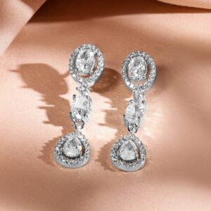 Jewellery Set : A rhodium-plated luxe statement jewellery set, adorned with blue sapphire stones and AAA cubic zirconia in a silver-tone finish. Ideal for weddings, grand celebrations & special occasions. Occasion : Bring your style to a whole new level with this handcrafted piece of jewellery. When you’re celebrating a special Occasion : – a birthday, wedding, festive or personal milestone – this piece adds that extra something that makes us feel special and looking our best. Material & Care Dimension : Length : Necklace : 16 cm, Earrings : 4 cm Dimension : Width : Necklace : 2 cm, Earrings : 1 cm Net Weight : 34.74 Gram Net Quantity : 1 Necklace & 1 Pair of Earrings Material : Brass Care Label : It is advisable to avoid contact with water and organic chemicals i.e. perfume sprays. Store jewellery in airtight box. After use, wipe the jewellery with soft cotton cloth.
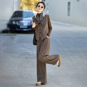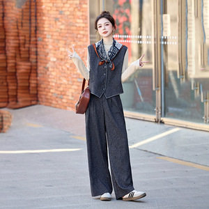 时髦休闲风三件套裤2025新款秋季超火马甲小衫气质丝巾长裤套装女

==================================================

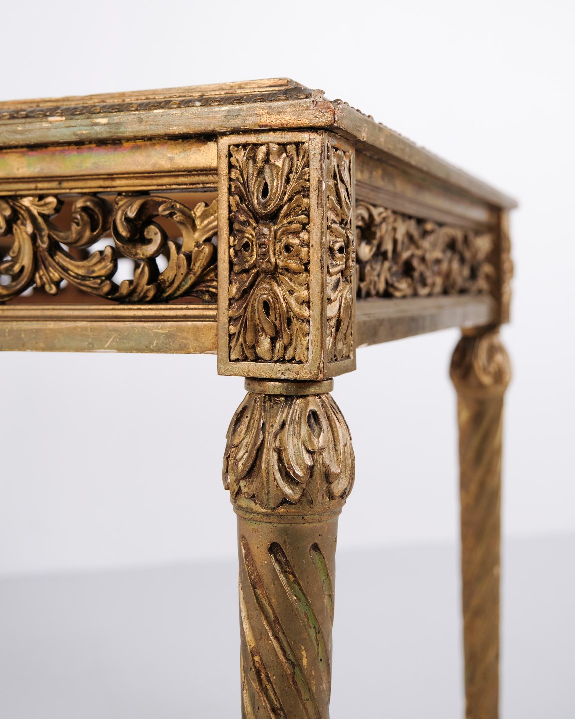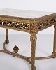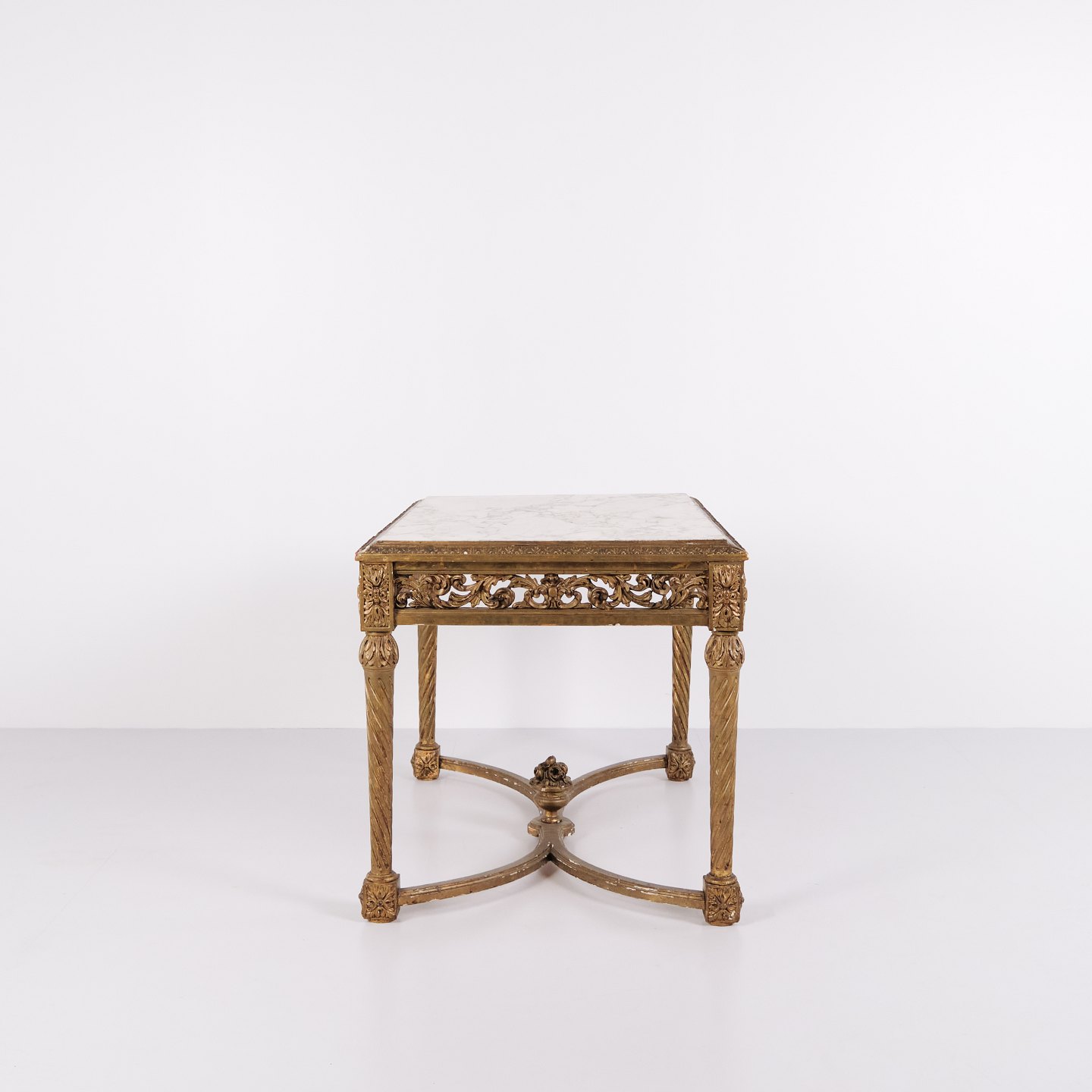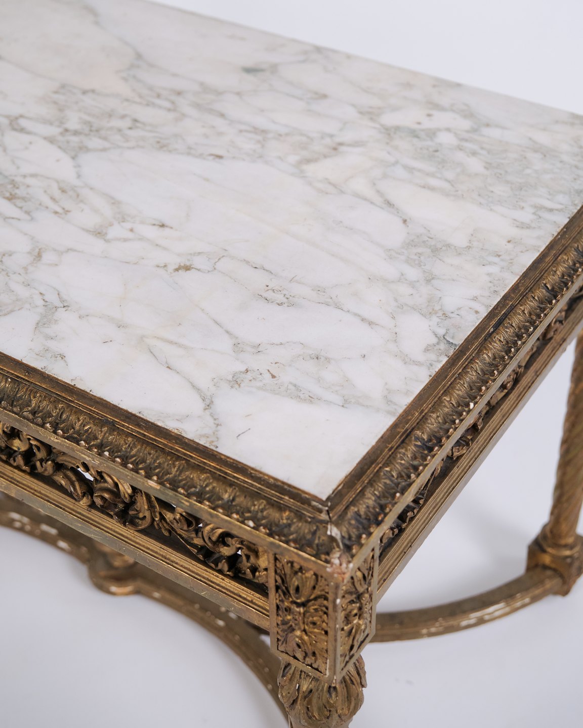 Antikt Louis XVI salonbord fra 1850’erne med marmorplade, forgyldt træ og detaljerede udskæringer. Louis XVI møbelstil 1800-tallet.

==================================================

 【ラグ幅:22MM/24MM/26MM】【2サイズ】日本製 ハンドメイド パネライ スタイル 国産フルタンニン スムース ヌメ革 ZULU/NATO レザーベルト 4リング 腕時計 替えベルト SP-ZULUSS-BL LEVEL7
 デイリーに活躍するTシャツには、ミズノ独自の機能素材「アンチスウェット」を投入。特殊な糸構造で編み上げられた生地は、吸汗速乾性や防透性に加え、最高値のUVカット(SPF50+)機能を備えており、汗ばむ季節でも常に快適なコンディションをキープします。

==================================================

Going by the entries above, repeat exactly the lines that start at the line with "Jewellery Set : A" and go on through the line with "时髦休闲风三件套裤2025新款秋季超火马甲小衫气质丝巾长裤套装女". Pictures are not part of the copy.

» **SOLUTION TO THIS EXERCISE**:
 Jewellery Set : A rhodium-plated luxe statement jewellery set, adorned with blue sapphire stones and AAA cubic zirconia in a silver-tone finish. Ideal for weddings, grand celebrations & special occasions. Occasion : Bring your style to a whole new level with this handcrafted piece of jewellery. When you’re celebrating a special Occasion : – a birthday, wedding, festive or personal milestone – this piece adds that extra something that makes us feel special and looking our best. Material & Care Dimension : Length : Necklace : 16 cm, Earrings : 4 cm Dimension : Width : Necklace : 2 cm, Earrings : 1 cm Net Weight : 34.74 Gram Net Quantity : 1 Necklace & 1 Pair of Earrings Material : Brass Care Label : It is advisable to avoid contact with water and organic chemicals i.e. perfume sprays. Store jewellery in airtight box. After use, wipe the jewellery with soft cotton cloth.
 时髦休闲风三件套裤2025新款秋季超火马甲小衫气质丝巾长裤套装女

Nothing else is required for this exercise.